● DIRECTIONS: Set out exactly, line by line, the stretch of data below that begins at the line containing "Fins de bambú" and ends at the line containing "行军拉练过程中,教官为新生们", with both ends kept.

● DATASET CONTENT:

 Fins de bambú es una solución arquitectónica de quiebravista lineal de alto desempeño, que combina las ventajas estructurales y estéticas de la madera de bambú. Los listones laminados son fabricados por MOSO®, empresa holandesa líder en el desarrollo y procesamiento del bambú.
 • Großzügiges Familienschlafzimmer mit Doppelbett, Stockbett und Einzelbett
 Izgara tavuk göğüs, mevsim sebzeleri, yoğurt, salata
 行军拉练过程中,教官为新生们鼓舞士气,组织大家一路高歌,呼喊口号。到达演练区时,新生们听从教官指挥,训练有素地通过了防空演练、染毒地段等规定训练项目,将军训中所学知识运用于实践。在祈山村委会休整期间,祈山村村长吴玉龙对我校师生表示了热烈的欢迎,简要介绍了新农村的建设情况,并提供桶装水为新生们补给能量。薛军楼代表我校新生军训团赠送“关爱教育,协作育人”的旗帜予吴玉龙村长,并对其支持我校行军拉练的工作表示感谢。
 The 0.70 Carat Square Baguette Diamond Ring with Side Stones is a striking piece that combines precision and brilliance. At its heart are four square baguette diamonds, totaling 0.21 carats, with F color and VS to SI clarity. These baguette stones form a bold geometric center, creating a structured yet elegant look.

---

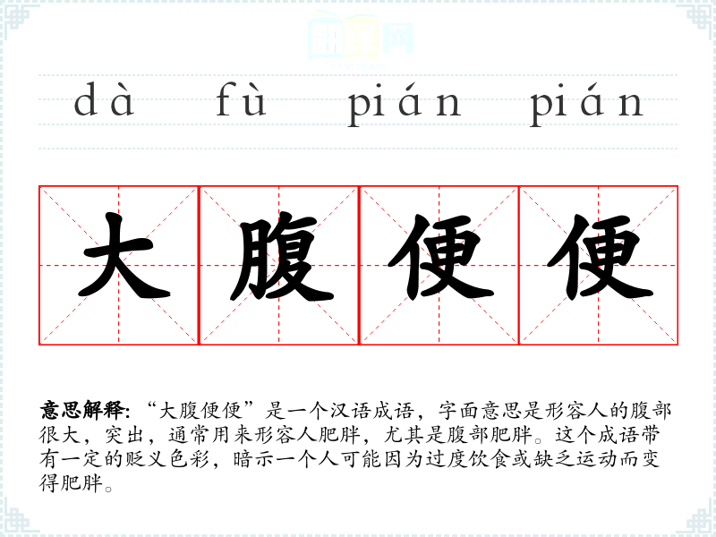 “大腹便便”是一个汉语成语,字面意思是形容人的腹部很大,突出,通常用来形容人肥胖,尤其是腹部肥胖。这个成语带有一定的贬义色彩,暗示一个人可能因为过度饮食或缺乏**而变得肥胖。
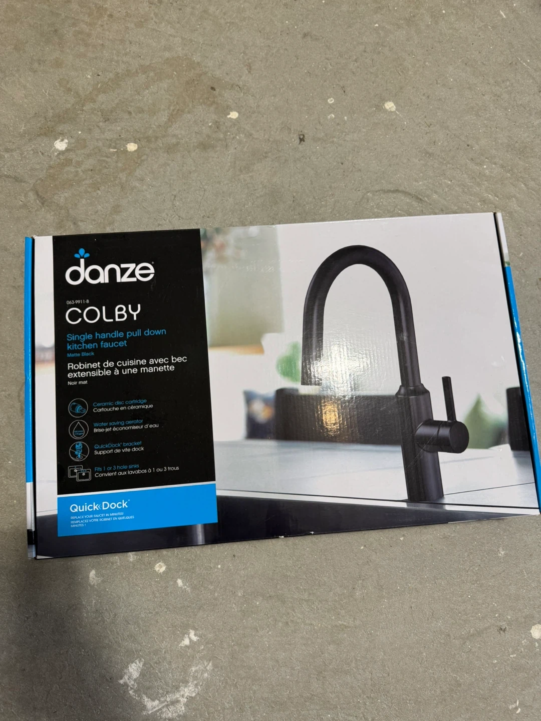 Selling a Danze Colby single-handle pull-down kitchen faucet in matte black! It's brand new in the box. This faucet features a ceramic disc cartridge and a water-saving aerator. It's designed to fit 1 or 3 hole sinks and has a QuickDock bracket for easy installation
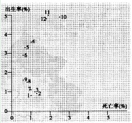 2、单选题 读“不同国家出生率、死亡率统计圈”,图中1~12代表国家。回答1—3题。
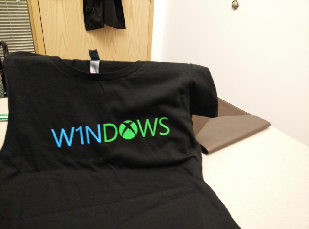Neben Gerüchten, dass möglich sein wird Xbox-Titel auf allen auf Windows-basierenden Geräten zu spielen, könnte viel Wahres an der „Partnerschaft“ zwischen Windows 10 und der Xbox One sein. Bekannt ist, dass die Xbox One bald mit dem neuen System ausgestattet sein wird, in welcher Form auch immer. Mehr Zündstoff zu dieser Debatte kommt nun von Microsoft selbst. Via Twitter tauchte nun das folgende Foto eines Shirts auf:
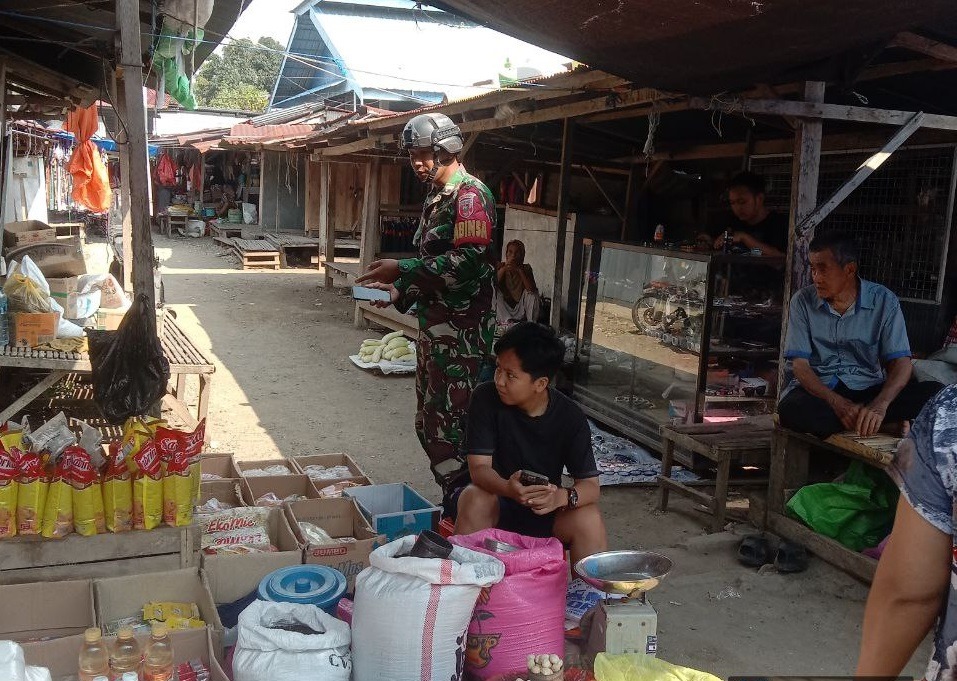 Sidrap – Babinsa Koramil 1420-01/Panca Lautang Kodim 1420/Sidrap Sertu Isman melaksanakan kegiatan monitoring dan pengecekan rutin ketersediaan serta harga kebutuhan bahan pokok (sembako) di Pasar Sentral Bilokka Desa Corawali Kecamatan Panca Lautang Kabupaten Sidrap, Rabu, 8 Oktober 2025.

==

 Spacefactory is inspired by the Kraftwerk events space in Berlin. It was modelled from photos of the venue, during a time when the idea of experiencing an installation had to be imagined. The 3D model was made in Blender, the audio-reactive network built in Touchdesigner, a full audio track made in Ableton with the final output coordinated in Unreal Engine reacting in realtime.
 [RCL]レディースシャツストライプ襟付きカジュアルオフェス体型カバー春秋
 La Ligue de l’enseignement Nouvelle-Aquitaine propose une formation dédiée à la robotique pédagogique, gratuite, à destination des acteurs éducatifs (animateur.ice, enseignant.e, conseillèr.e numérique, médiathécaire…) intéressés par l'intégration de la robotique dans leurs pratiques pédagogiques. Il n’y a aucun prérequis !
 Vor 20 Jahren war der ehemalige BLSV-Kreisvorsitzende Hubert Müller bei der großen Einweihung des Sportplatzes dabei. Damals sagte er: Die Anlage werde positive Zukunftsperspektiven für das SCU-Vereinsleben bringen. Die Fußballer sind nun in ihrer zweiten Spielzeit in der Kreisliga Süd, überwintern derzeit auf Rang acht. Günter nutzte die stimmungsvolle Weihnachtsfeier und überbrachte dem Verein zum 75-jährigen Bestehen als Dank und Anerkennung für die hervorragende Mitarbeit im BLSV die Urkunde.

● TASK RESPONSE:
 Fins de bambú es una solución arquitectónica de quiebravista lineal de alto desempeño, que combina las ventajas estructurales y estéticas de la madera de bambú. Los listones laminados son fabricados por MOSO®, empresa holandesa líder en el desarrollo y procesamiento del bambú.
 • Großzügiges Familienschlafzimmer mit Doppelbett, Stockbett und Einzelbett
 Izgara tavuk göğüs, mevsim sebzeleri, yoğurt, salata
 行军拉练过程中,教官为新生们鼓舞士气,组织大家一路高歌,呼喊口号。到达演练区时,新生们听从教官指挥,训练有素地通过了防空演练、染毒地段等规定训练项目,将军训中所学知识运用于实践。在祈山村委会休整期间,祈山村村长吴玉龙对我校师生表示了热烈的欢迎,简要介绍了新农村的建设情况,并提供桶装水为新生们补给能量。薛军楼代表我校新生军训团赠送“关爱教育,协作育人”的旗帜予吴玉龙村长,并对其支持我校行军拉练的工作表示感谢。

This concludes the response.